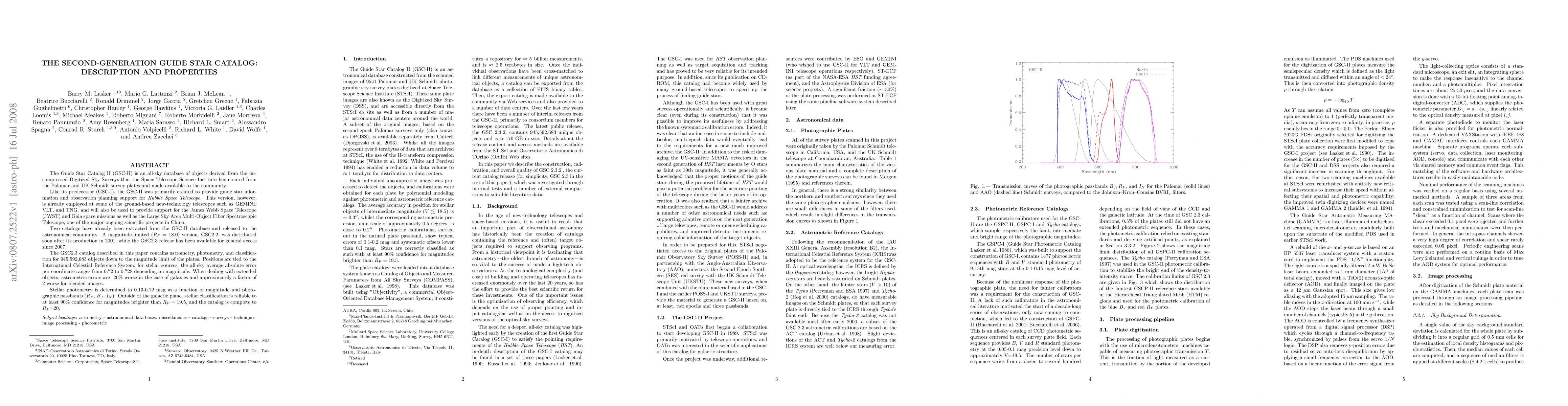 The Second-Generation Guide Star Catalog (GSC-II) contains astrometry, photometry, and classification for 945 million objects, with high accuracy for stellar sources and reliable classification for brighter magnitudes.
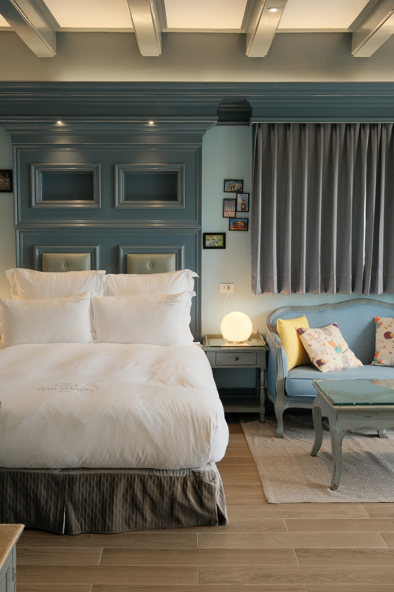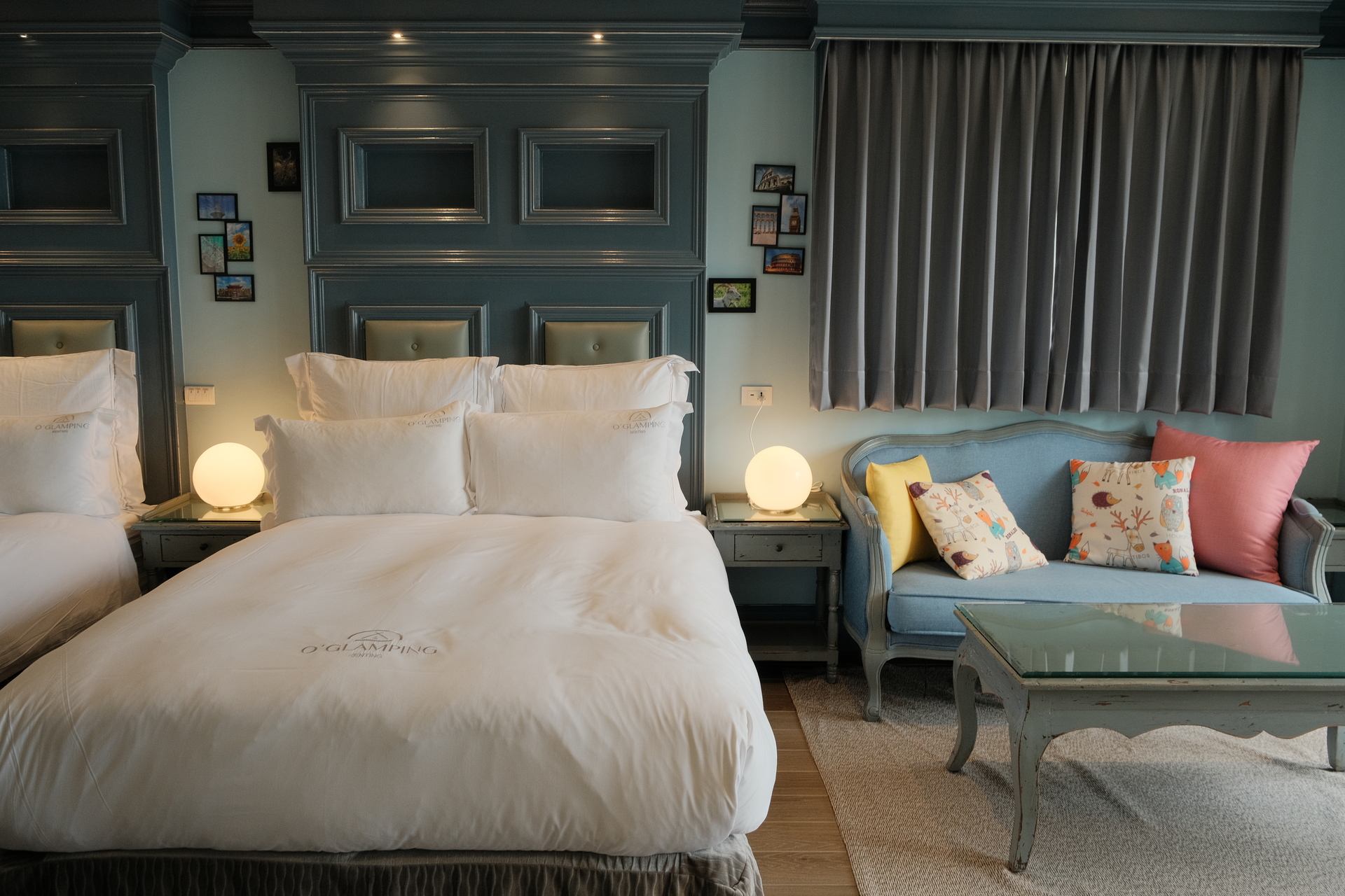 打開門那瞬間,我真的有一秒懷疑自己是不是誤闖了地中海的哪處濱海別墅。海景雙人房面積寬敞,白牆配上藍調窗簾與木質家具,簡潔中透露品味。陽台外,是一望無際的藍天與海,午後在戶外休息區泡杯茶,讓海風吹散城市的焦慮。
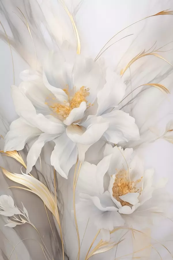 Plakatas Balta gėlė su geltonomis piestelėmis ir stiebais, subtiliais žiedlapiais, elegantiška kompozicija, neutralus fonas Ne f46293
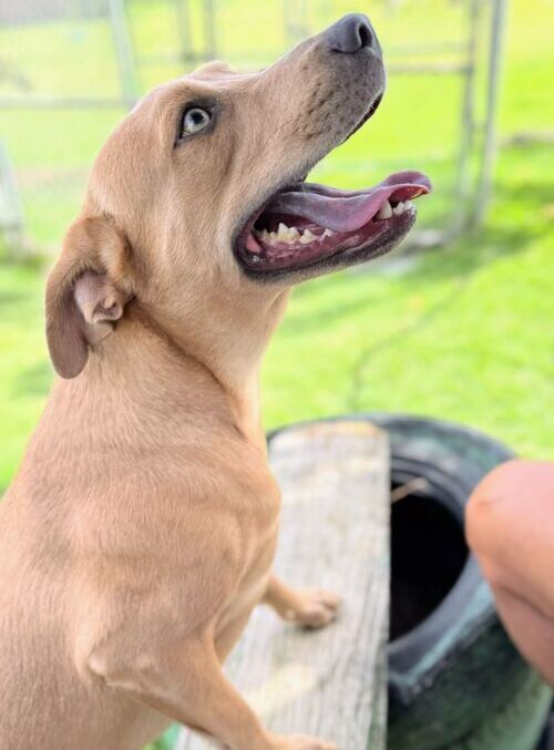 Adrianna doesn’t really like the rough and tumble of every day shelter life though. When the other dogs in her pen go out to play, she will often stay inside, preferring to play with a human. She really would be best suited to a home life. When meeting new people or new situations, especially noisy situations, she can be a little scared, but it doesn’t last long. It should be noted that Adrianna can jump fences if she wants to, so should not be left unsupervised outside or where she could escape. She needs a confident person to tell her all is ok, and she will thrive. Adrianna has low/medium energy and would be fine as an only dog, or could live with others. All in all, Adrianna wants out – and into a new life please.
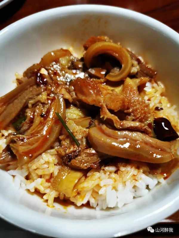將羊肉火鍋連肉帶湯澆在米飯上,湯汁浸透米飯,吃起來特別香,很下飯
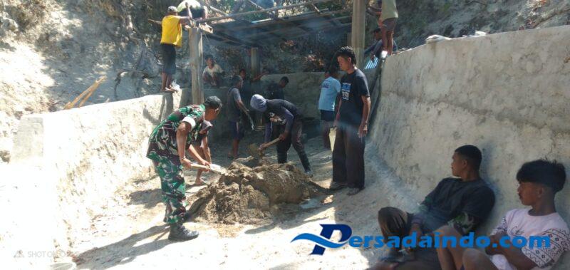 Rote Ndao – Wujud kepedulian terhadap masyarakat di wilayah teritorial, Serda Rony Riberu Babinsa Koramil 1627-02/Pantai Baru melaksanakan kegiatan gotong royong bersama warganya campur semen untuk membangun lantai Sumur di Desa Fatelilo Kecamatan Pantai Baru Kabupaten Rote Ndao, Selasa (19/8/2025).
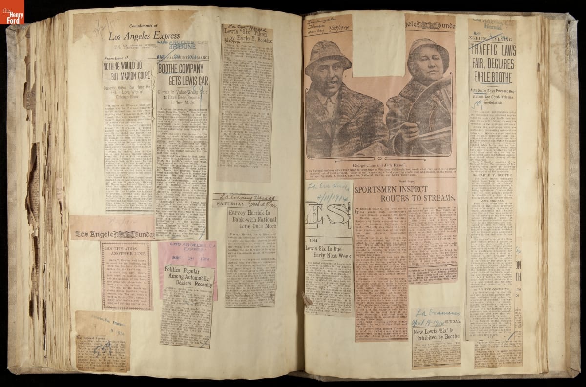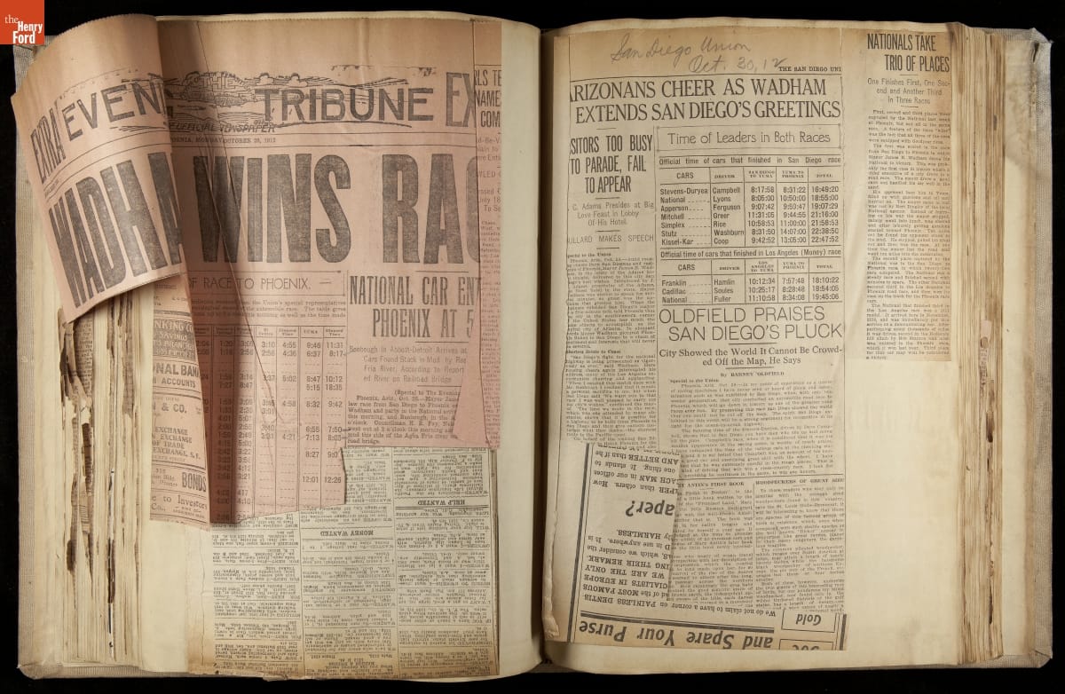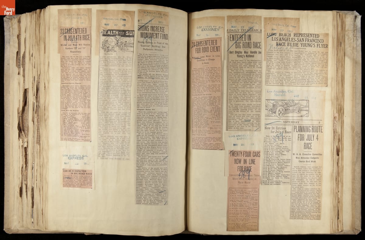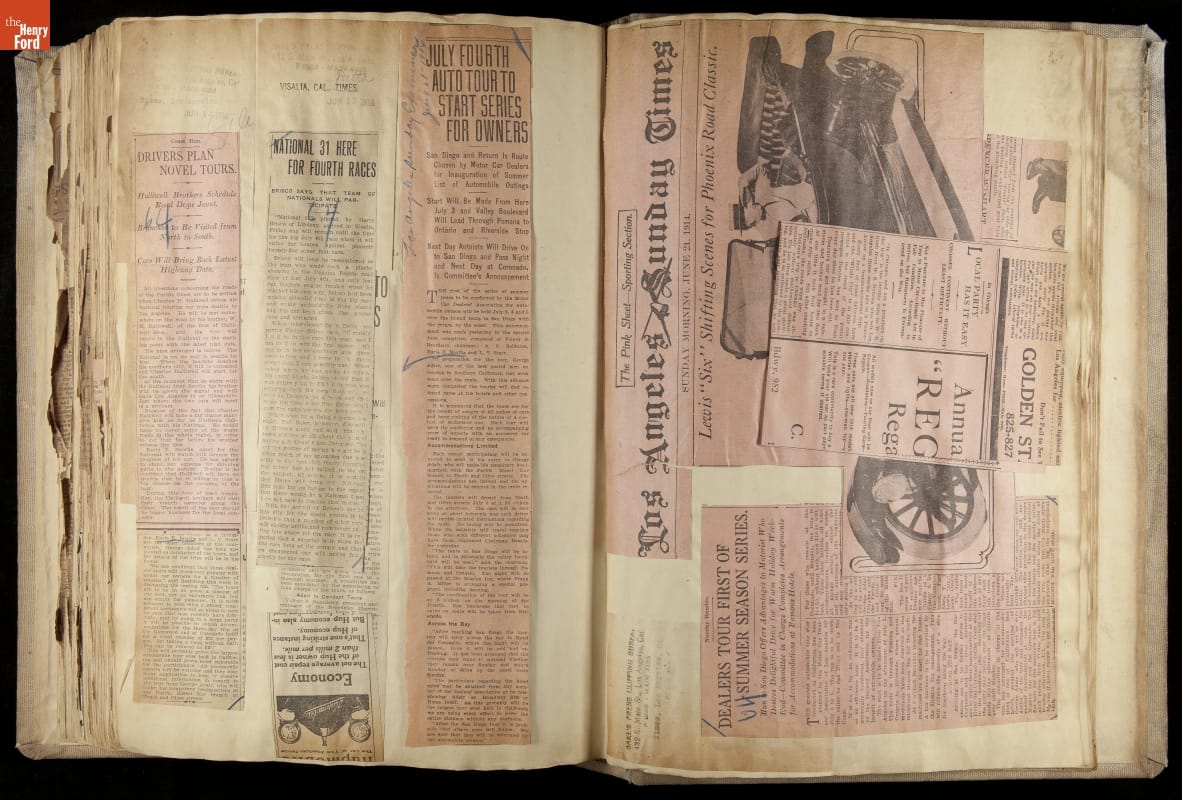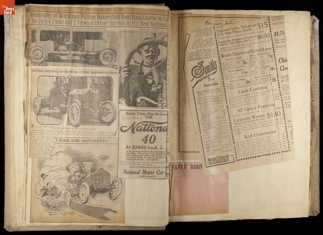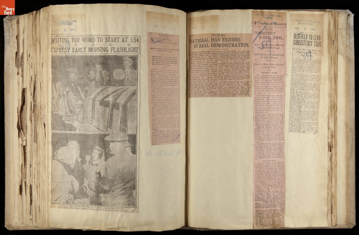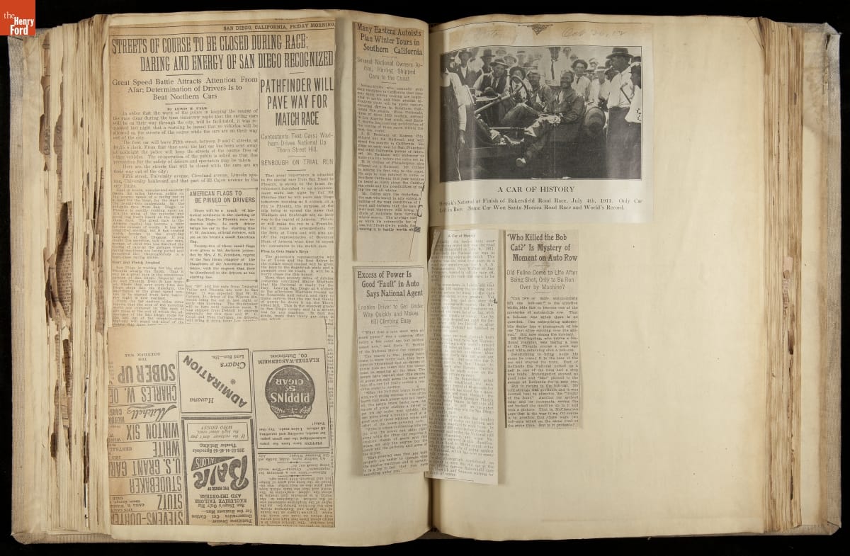 National was formed in Indianapolis in 1900 as a maker of electric cars, but it transitioned to gasoline six years later. The company had an active racing program. This scrapbook, assembled by a distributor in Los Angeles, tracked National's motorsport successes. The company's annual production peaked at something over 1,800 cars in 1915. National ended operations in 1924.
# # #
WORK ORDER
Leave the pictures out. Repeat every entry above exactly.

RESPONSE TO THIS EXERCISE
 The Second-Generation Guide Star Catalog (GSC-II) contains astrometry, photometry, and classification for 945 million objects, with high accuracy for stellar sources and reliable classification for brighter magnitudes.
 打開門那瞬間,我真的有一秒懷疑自己是不是誤闖了地中海的哪處濱海別墅。海景雙人房面積寬敞,白牆配上藍調窗簾與木質家具,簡潔中透露品味。陽台外,是一望無際的藍天與海,午後在戶外休息區泡杯茶,讓海風吹散城市的焦慮。
 Plakatas Balta gėlė su geltonomis piestelėmis ir stiebais, subtiliais žiedlapiais, elegantiška kompozicija, neutralus fonas Ne f46293
 Adrianna doesn’t really like the rough and tumble of every day shelter life though. When the other dogs in her pen go out to play, she will often stay inside, preferring to play with a human. She really would be best suited to a home life. When meeting new people or new situations, especially noisy situations, she can be a little scared, but it doesn’t last long. It should be noted that Adrianna can jump fences if she wants to, so should not be left unsupervised outside or where she could escape. She needs a confident person to tell her all is ok, and she will thrive. Adrianna has low/medium energy and would be fine as an only dog, or could live with others. All in all, Adrianna wants out – and into a new life please.
將羊肉火鍋連肉帶湯澆在米飯上,湯汁浸透米飯,吃起來特別香,很下飯
 Rote Ndao – Wujud kepedulian terhadap masyarakat di wilayah teritorial, Serda Rony Riberu Babinsa Koramil 1627-02/Pantai Baru melaksanakan kegiatan gotong royong bersama warganya campur semen untuk membangun lantai Sumur di Desa Fatelilo Kecamatan Pantai Baru Kabupaten Rote Ndao, Selasa (19/8/2025).
 National was formed in Indianapolis in 1900 as a maker of electric cars, but it transitioned to gasoline six years later. The company had an active racing program. This scrapbook, assembled by a distributor in Los Angeles, tracked National's motorsport successes. The company's annual production peaked at something over 1,800 cars in 1915. National ended operations in 1924.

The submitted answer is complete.